▶ [Instructions to follow]: Would you please set down, word for word, the lines from the one with "互动环节结束后,由何慧婷同学" through the final line of the data below, omitting any pictures?

*** Opening Recorded information ***

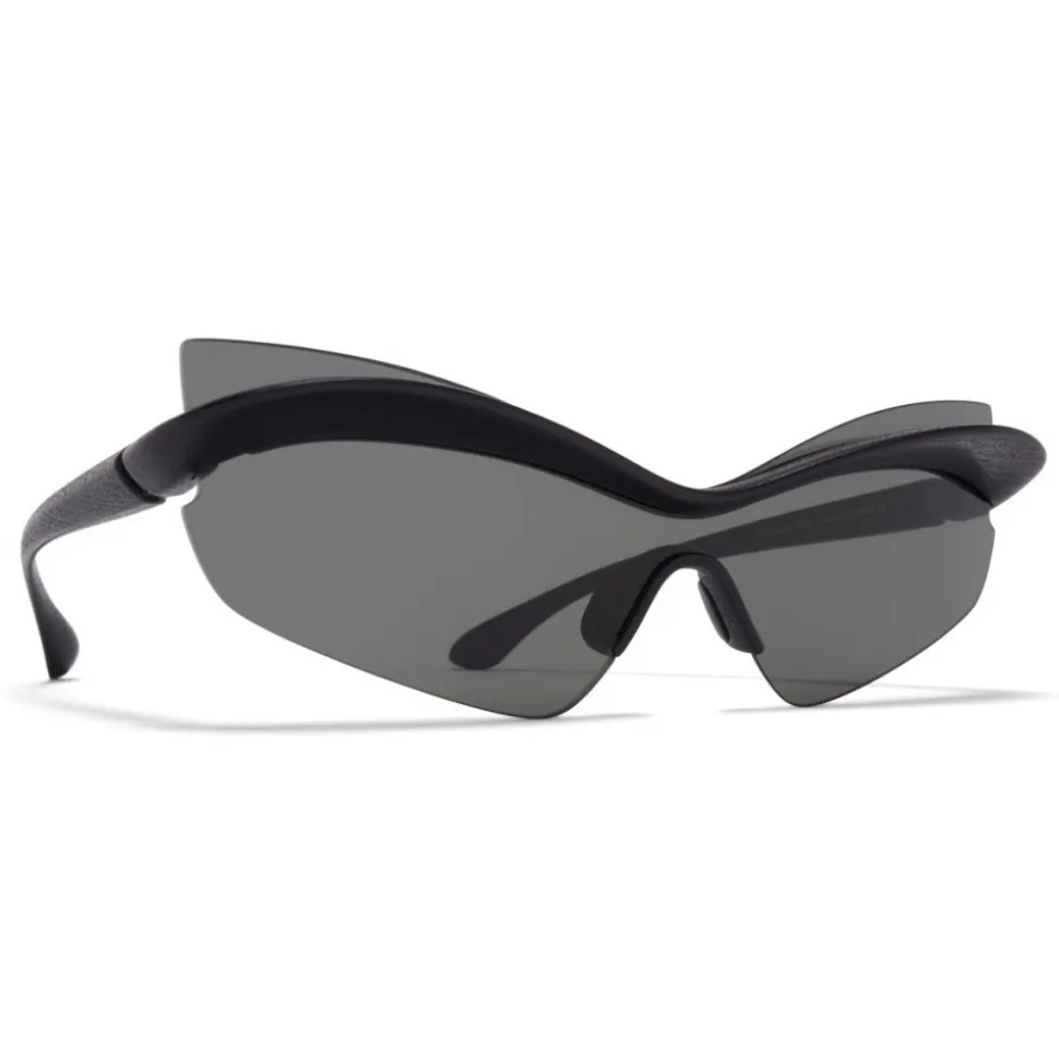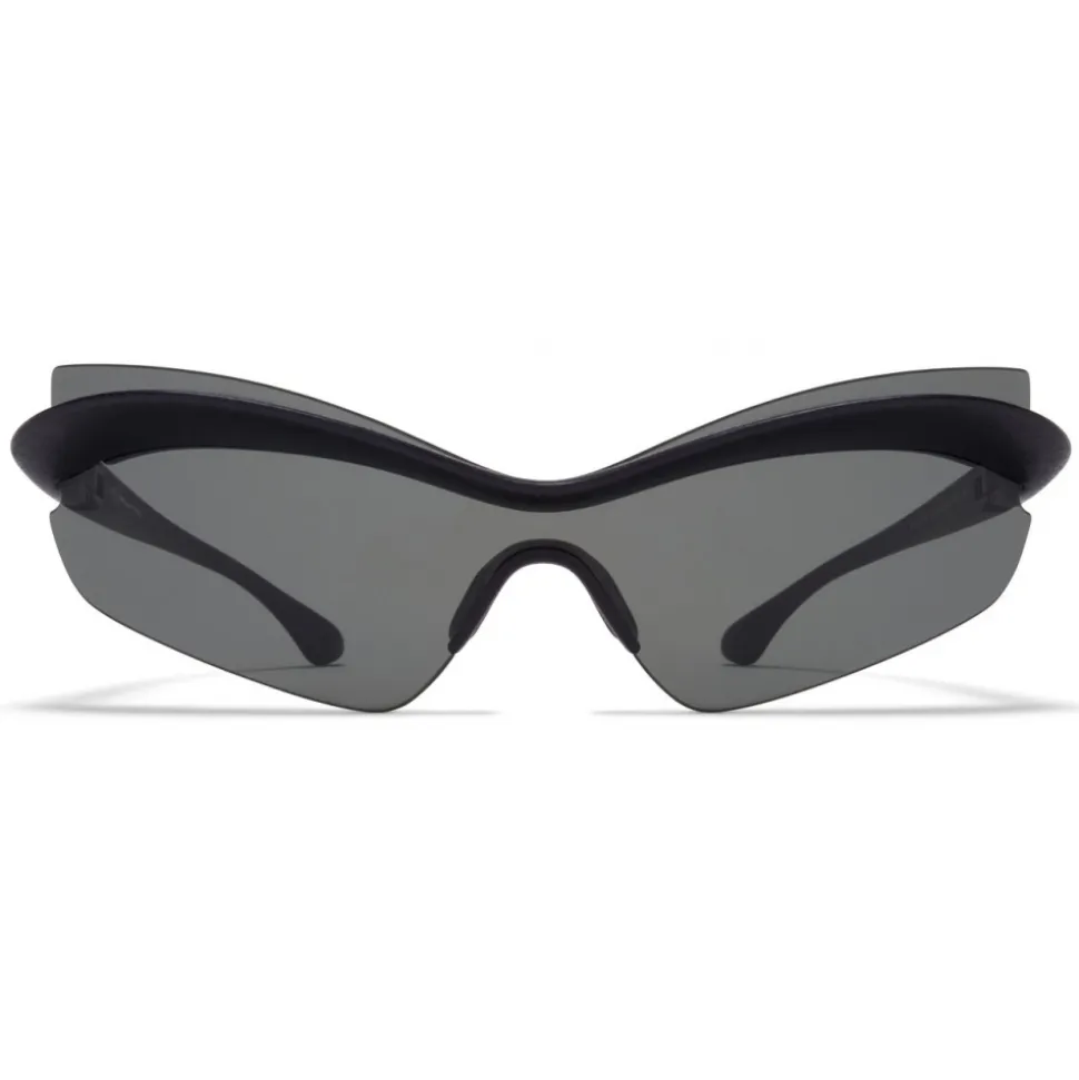 Made of lightweight stainless steel, MMECHO004 in MD1 Pitch Black with Dark Grey Solid Shield lenses is a butterfly-shaped sunglass frame from the MYKITA + MAISON MARGIELA collection. Handcrafted in Berlin.
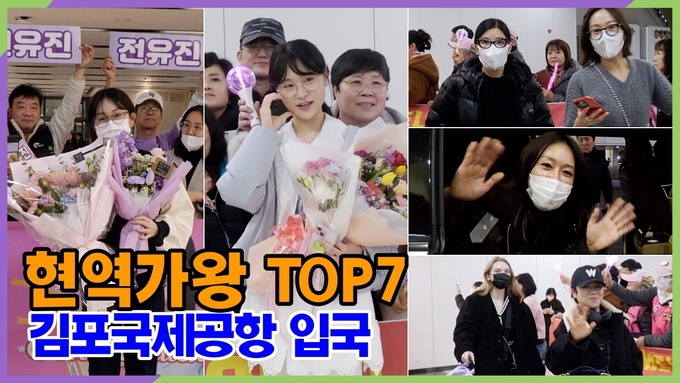 [뉴스인스타 양철수기자] 2월 25일(일) 오후, 서울시 강서구 방화동 김포국제공항 국제선터미널에서 MBN '현역가왕' TOP7 전유진, 마이진, 김다현, 린, 박혜신, 마리아, 별사랑이 '트롯걸인재팬' 결승전 스페셜 무대와 도쿄 시부야 이나바리바시 광장에서 버스킹을 하고 일본에서 입국하고 있다.
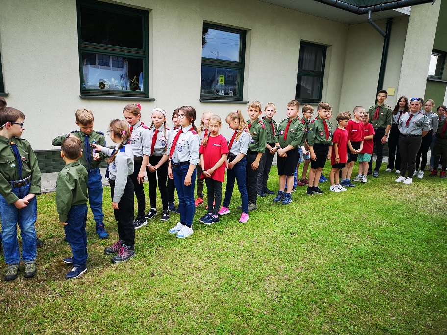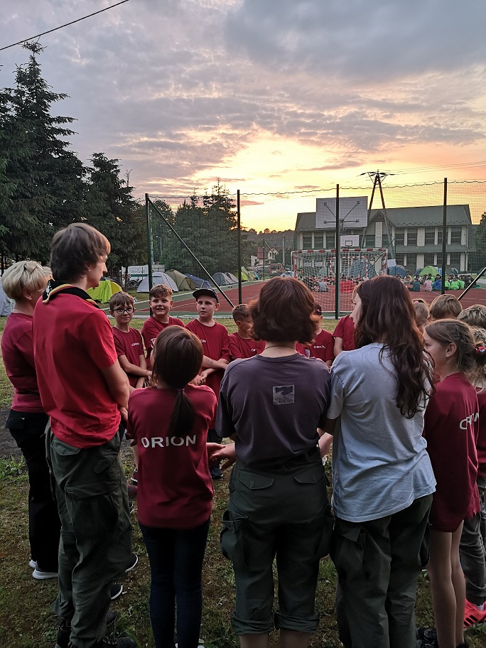 W dniach 17.06. – 18.06.2023r. zuchy i harcerze z 1NDMP Orionwraz z opiekunami dh. B. Stelmach, dh. M. Jarząb, dh. U. Kulig brali udział w XI Poszukiwaniach Pierścienia Świętej Kingi- grze terenowej i biwaku pod namiotami w Gołkowicach. Motywem przewodnim tegorocznej edycji była wyprawa archeologiczna w realiach czerwca 2014r. Każdy patrol wcielał się w grupę archeologów, którzy podejmują wyzwanie odnalezienia średniowiecznej lokacji wsi oraz rozwiązania zagadki, jaką skrywa legenda o pierścieniu Świętej Kingi. Licznie zgromadzona społeczność Nowosądeckiego Hufca ZHP zmierzyła się z wieloma zadaniami opartymi o fakty historyczne. Musieli między innymi wykonać strzelanie do celu, zastosować poznane techniki harcerskie w przygotowaniu obozowiska i odszukiwać informacje z lokalizacji satelitarnej. Zuchy musiały wykonać prace wykopaliskowe na wyznaczonych stanowiskach oraz odnaleźć tajemniczy pierścień. Wszyscy musieli pokonać wielokilometrowy dystans między Gołkowicami Górnymi a Mostkami. Mimo zmęczenia każdy chętnie brał udział w wieczornych zajęciach programowych, wspólnie tańcząc i śpiewając przy akompaniamencie gitar. W późnych godzinach nocnych obozowicze udali się do namiotów na odpoczynek i długie nocne rozmowy. Warto zauważyć że dla wielu zuchów była to pierwsza taka przygoda z namiotami . W niedzielę po wspólnej mszy w miejscowym kościele i apelu końcowym wszyscy zmęczeni, ale zadowoleni wrócili do domów. Taka wspaniała przygoda na zawsze zostanie w pamięci naszych zuchów i harcerzy.
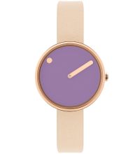 Picto® remet en question l'idée d'une montre classique avec deux aiguilles et un cadran avec des chiffres. Ici, l'heure est indiquée par un point sur le cadran rotatif, tandis que les minutes sont indiquées par une aiguille traditionnelle.
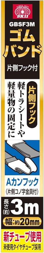 SK11(エスケー11) ゴムバンド 片側フック付 3m 20mm GBSF3M
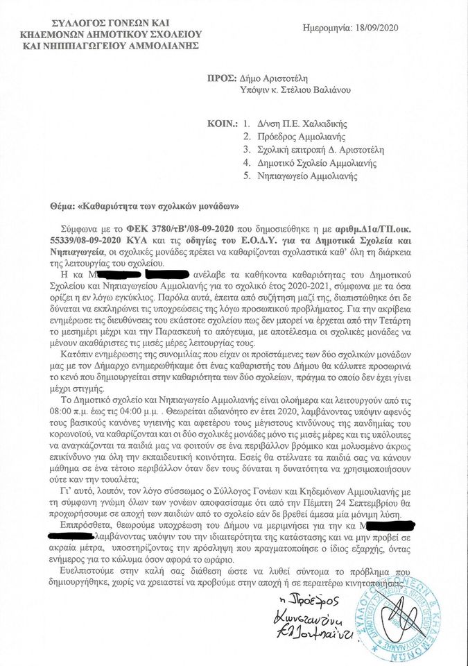 Αναλυτικά, με επιστολή προς τον δήμαρχο Αριστοτέλη Στ. Βαλιάνο, ο Σύλλογος γονέων και κηδεμόνων Δημοτικού σχολείου και νηπ. Αμμουλιανής, επισημαίνει ότι η καθαρίστρια των 2 σχολικών μονάδων, για προσωπικούς λόγους δεν μπορεί να εκπληρώσει τις υποχρεώσεις της, με αποτέλεσμα τα σχολεία να μείνουν ακαθάριστα τις μισές μέρες της λειτουργίας τους εν μέσω πανδημίας του κορωνοϊού.
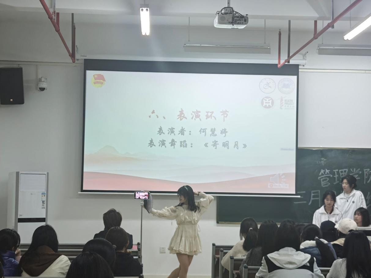 互动环节结束后,由何慧婷同学为大家带来舞蹈《寄明月》,何同学以一段活泼灵动的舞蹈,不仅点燃了现场气氛,还为观众带来了一场视觉盛宴。
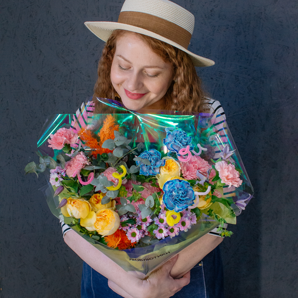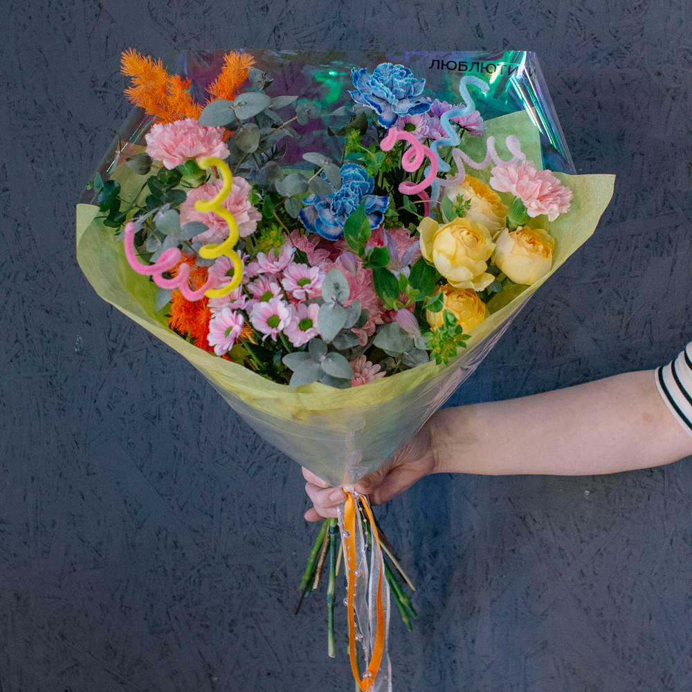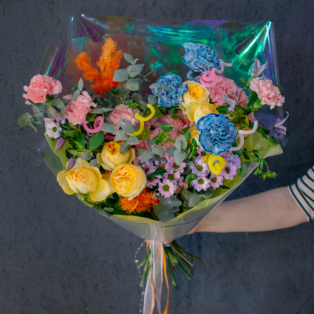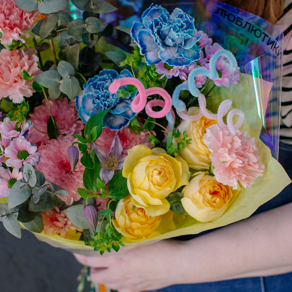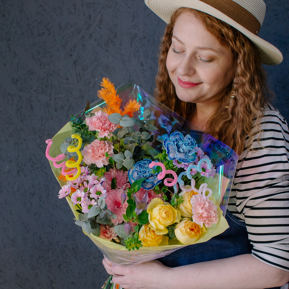 Главные проказники букета - забавные пушистые пружинки. Они выглядывают то тут, то там, добавляя композиции движения и игривости. Эти цветные непоседы так и просятся, чтобы им улыбнулись.

*** Closing Recorded information ***

▶ [Written solution]:
 互动环节结束后,由何慧婷同学为大家带来舞蹈《寄明月》,何同学以一段活泼灵动的舞蹈,不仅点燃了现场气氛,还为观众带来了一场视觉盛宴。
 Главные проказники букета - забавные пушистые пружинки. Они выглядывают то тут, то там, добавляя композиции движения и игривости. Эти цветные непоседы так и просятся, чтобы им улыбнулись.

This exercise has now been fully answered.